# WORK TASK:
No pictures go into the copy. Write out exactly the lines below from the one containing "Dazu gehören: Schneidkopf" through the one containing "Jade Toggle Closure".
**** DATA LISTING
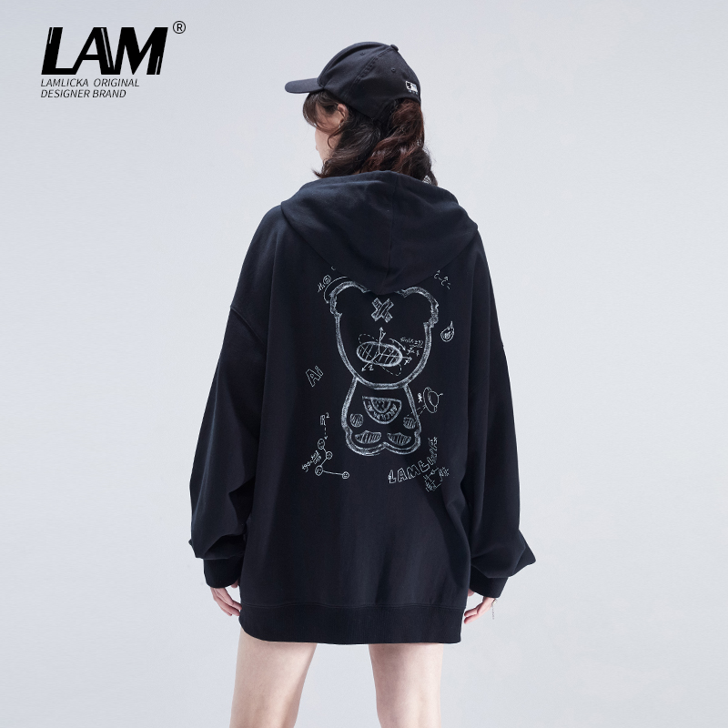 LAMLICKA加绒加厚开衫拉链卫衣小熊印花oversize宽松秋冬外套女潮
********
**** DATA LISTING
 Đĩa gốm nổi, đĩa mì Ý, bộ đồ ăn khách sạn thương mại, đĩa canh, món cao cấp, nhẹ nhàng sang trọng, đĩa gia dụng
********
**** DATA LISTING
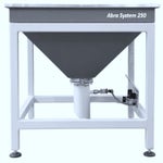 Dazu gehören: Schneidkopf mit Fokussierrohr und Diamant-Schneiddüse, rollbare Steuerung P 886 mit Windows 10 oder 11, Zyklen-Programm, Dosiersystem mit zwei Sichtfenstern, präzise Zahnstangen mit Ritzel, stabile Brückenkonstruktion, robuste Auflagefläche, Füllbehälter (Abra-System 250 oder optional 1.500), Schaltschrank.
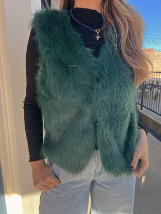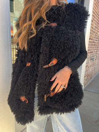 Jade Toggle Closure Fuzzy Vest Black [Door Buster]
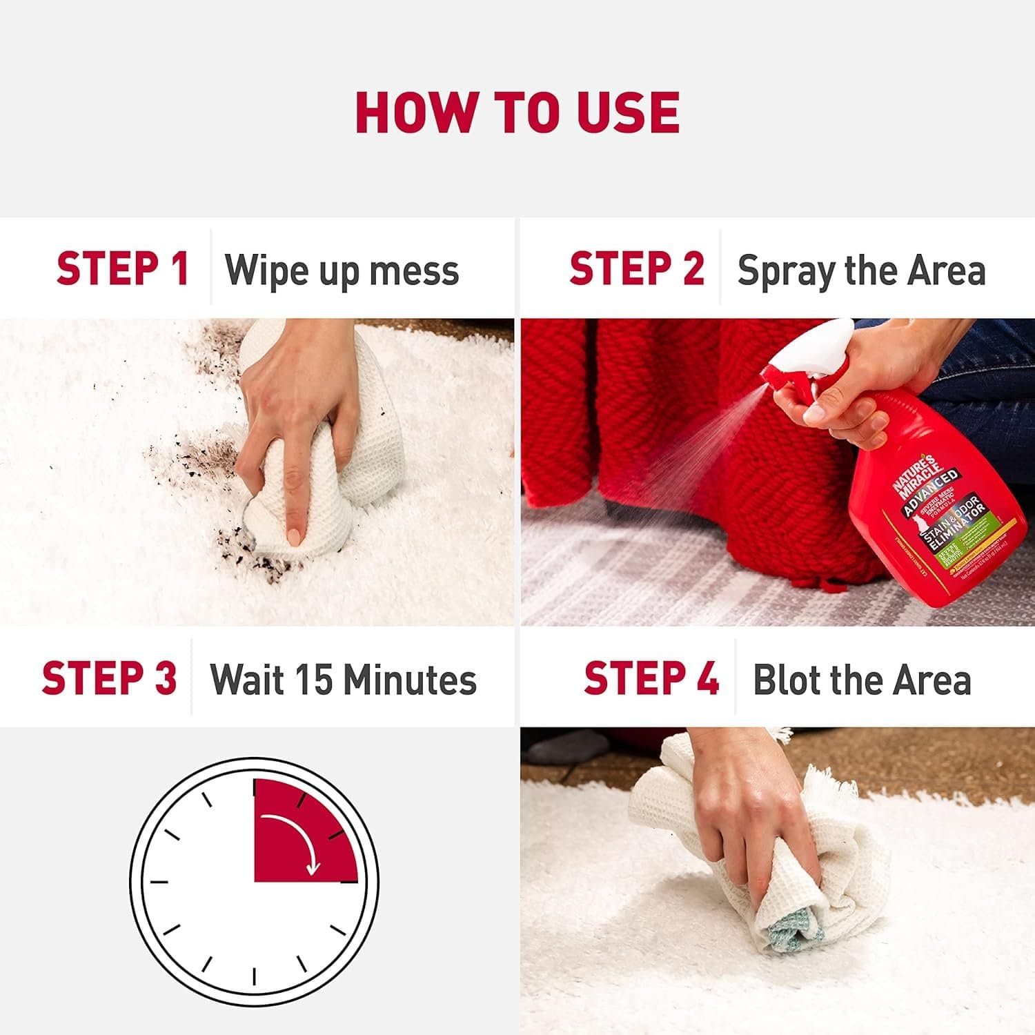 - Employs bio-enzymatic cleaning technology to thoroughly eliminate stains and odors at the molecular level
********
# RESULT:
 Dazu gehören: Schneidkopf mit Fokussierrohr und Diamant-Schneiddüse, rollbare Steuerung P 886 mit Windows 10 oder 11, Zyklen-Programm, Dosiersystem mit zwei Sichtfenstern, präzise Zahnstangen mit Ritzel, stabile Brückenkonstruktion, robuste Auflagefläche, Füllbehälter (Abra-System 250 oder optional 1.500), Schaltschrank.
 Jade Toggle Closure Fuzzy Vest Black [Door Buster]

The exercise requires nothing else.